## RECORDS PROVIDED
=-=-=

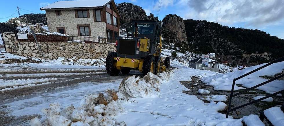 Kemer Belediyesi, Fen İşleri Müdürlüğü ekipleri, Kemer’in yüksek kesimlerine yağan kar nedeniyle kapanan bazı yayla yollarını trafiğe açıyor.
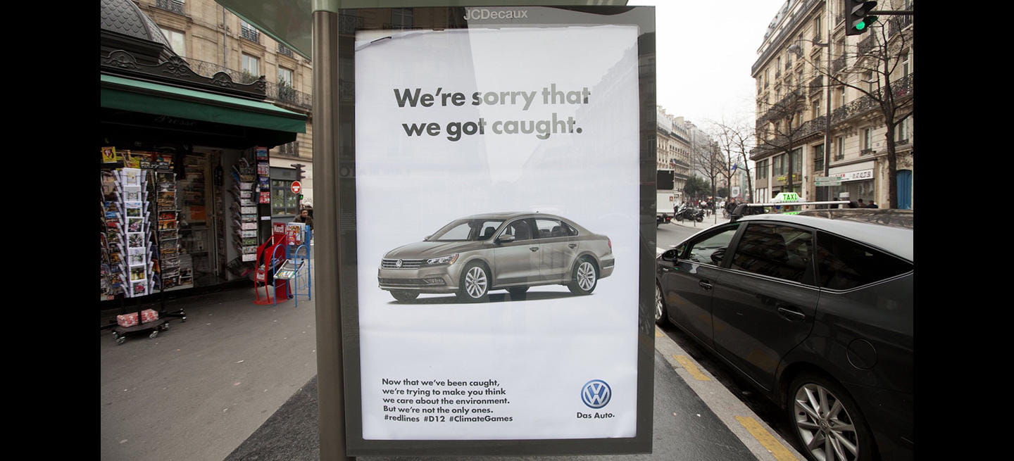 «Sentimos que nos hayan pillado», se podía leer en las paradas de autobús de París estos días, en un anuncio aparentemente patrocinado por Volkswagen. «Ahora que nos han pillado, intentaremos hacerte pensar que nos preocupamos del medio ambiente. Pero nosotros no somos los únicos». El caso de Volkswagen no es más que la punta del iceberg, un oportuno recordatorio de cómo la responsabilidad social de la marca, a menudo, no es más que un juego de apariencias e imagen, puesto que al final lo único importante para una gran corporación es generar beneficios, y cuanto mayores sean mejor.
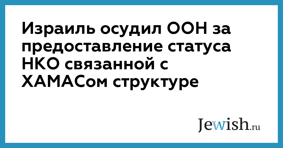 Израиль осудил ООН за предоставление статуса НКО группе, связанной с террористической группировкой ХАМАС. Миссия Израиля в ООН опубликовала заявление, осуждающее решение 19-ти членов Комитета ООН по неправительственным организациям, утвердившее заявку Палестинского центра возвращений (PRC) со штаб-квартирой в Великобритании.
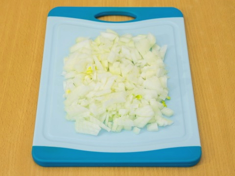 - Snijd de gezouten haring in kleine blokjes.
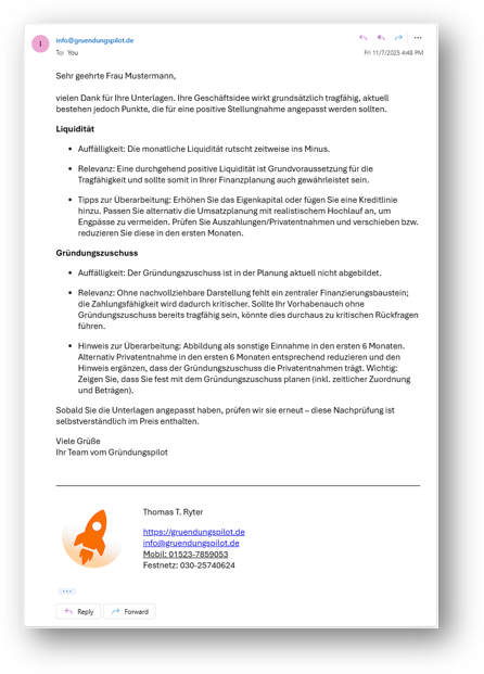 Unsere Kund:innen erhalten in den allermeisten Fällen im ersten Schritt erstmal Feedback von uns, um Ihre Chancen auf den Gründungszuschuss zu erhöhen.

=-=-=

## TASK DETAILS
All of the data needs repeating exactly, but the pictures do not.

## ANSWER SECTION
 Kemer Belediyesi, Fen İşleri Müdürlüğü ekipleri, Kemer’in yüksek kesimlerine yağan kar nedeniyle kapanan bazı yayla yollarını trafiğe açıyor.
 «Sentimos que nos hayan pillado», se podía leer en las paradas de autobús de París estos días, en un anuncio aparentemente patrocinado por Volkswagen. «Ahora que nos han pillado, intentaremos hacerte pensar que nos preocupamos del medio ambiente. Pero nosotros no somos los únicos». El caso de Volkswagen no es más que la punta del iceberg, un oportuno recordatorio de cómo la responsabilidad social de la marca, a menudo, no es más que un juego de apariencias e imagen, puesto que al final lo único importante para una gran corporación es generar beneficios, y cuanto mayores sean mejor.
 Израиль осудил ООН за предоставление статуса НКО группе, связанной с террористической группировкой ХАМАС. Миссия Израиля в ООН опубликовала заявление, осуждающее решение 19-ти членов Комитета ООН по неправительственным организациям, утвердившее заявку Палестинского центра возвращений (PRC) со штаб-квартирой в Великобритании.
 - Snijd de gezouten haring in kleine blokjes.
 Unsere Kund:innen erhalten in den allermeisten Fällen im ersten Schritt erstmal Feedback von uns, um Ihre Chancen auf den Gründungszuschuss zu erhöhen.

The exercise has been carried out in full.